- _Problem requirements_
Take the lines in the listing below from the line with "Elegant silver grey" up to and including the line with "В зависимости от" and set them down exactly, skipping pictures and adding nothing.

- _Records provided_
-------
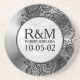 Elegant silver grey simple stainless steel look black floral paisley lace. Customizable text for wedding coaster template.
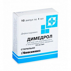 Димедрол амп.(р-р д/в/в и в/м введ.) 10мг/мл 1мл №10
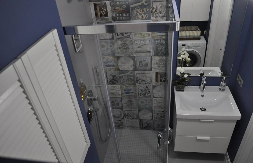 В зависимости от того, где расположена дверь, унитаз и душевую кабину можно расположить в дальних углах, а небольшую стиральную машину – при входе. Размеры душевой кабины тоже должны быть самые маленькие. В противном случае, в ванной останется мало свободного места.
-------
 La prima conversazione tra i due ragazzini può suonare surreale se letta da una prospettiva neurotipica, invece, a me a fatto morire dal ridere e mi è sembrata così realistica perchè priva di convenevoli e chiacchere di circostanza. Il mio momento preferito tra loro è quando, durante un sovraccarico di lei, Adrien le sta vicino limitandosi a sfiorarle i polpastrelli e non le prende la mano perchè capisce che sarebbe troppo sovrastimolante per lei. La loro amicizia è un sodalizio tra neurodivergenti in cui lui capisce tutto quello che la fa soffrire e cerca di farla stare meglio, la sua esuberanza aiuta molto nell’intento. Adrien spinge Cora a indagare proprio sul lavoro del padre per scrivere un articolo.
-------
- _Response below_
 Elegant silver grey simple stainless steel look black floral paisley lace. Customizable text for wedding coaster template.
 Димедрол амп.(р-р д/в/в и в/м введ.) 10мг/мл 1мл №10
 В зависимости от того, где расположена дверь, унитаз и душевую кабину можно расположить в дальних углах, а небольшую стиральную машину – при входе. Размеры душевой кабины тоже должны быть самые маленькие. В противном случае, в ванной останется мало свободного места.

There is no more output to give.